This can be easily seen in Cminor using the requirement for cost
labels at the head of loops and after gotos.  It remains to show that
this is preserved by the translation to RTLabs.  % how?

\subsection{RTLabs structured trace generation}

This proof-only step incorporates the function call structure and cost
labelling properties into the execution trace.  As the function calls
are nested within the trace, we need to distinguish between
terminating and non-terminating function calls.

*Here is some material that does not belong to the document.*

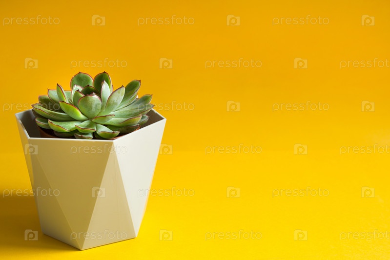 Эхеверия в горшке на желтом фоне. Комнатное растение, зеленый дом, суккулент – символ гармонии. Скопируйте пространство. Уход за комнатными растениями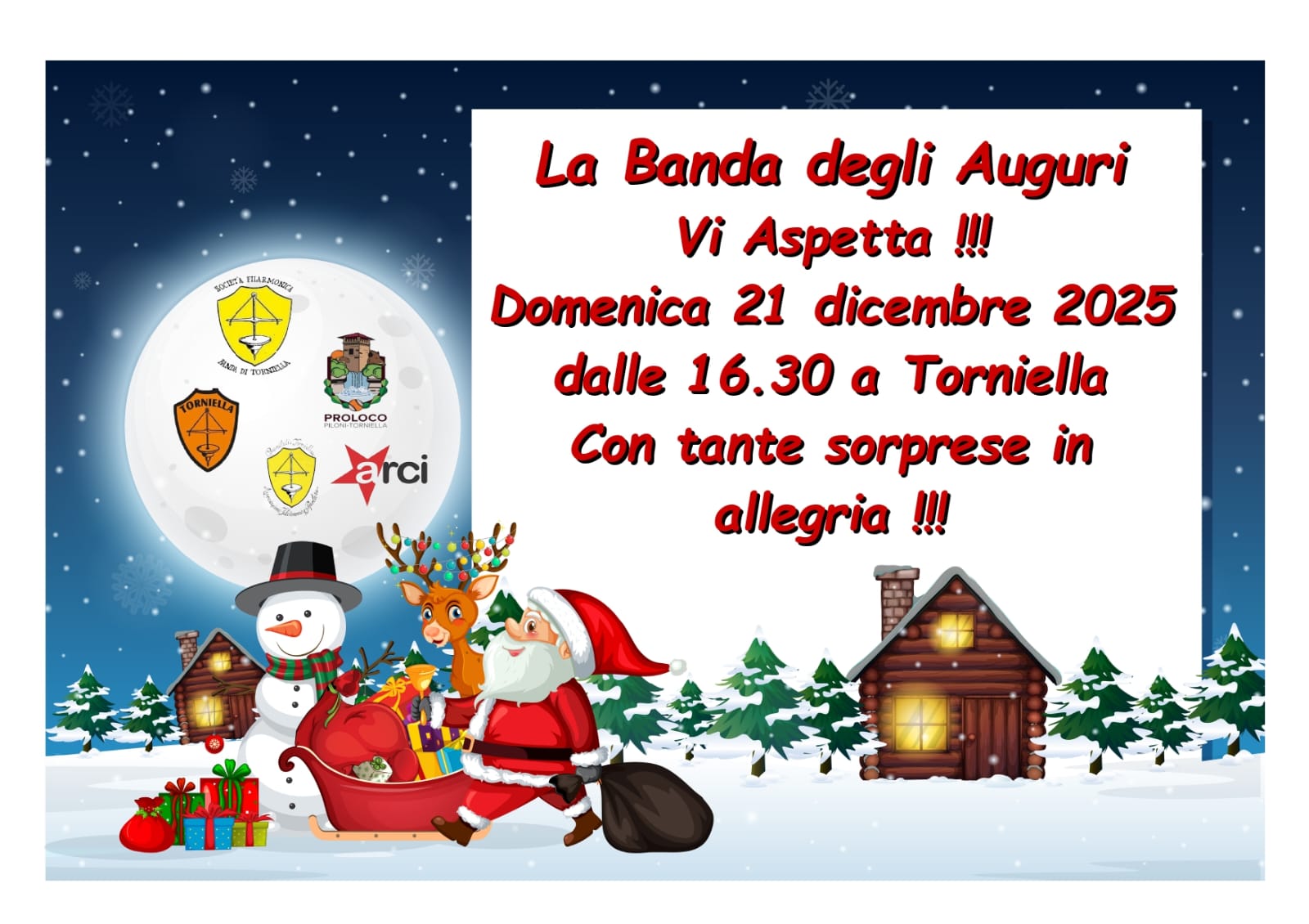 La Banda di Torniella organizza per domenica 21 dicembre dalle ore 16.30 a Torniella il pomeriggio degli auguri con tante sorprese ai presenti.

Thus we use the excluded middle (specialised to a function termination
property) to do this.  Terminating functions are built by following
the trace, breaking it into chunks between cost labels and recursively
processing function calls.  The main difficulties here are the
non-structurally recursive nature of the function (instead we use the
size of the termination proof as a measure) and using the properties
on RTLabs cost labelling to create the correct structure.  We also
show that the lower stack frames are preserved during function calls
in order to prove that after returning from a function call we execute
the correct code.  This part of the work has already been constructed,
but still requires a simple proof to show that flattening the structured
trace recreates the original flat trace.

The non-terminating case uses the excluded middle to decide whether to
use the function described above to construct an inductive terminating
structured trace, or a coinductive version for non-termination.  It
follows the trace like the terminating version to build up chunks of
trace from cost-label to cost-label (which, by the finite distance to
a cost label property shown before, can be represented by an inductive
type), unless it encounters a non-terminating function in which case
it corecursively processes that.  This part of the trace
transformation is currently under construction, and will also need a
flattening result to show that it is correct.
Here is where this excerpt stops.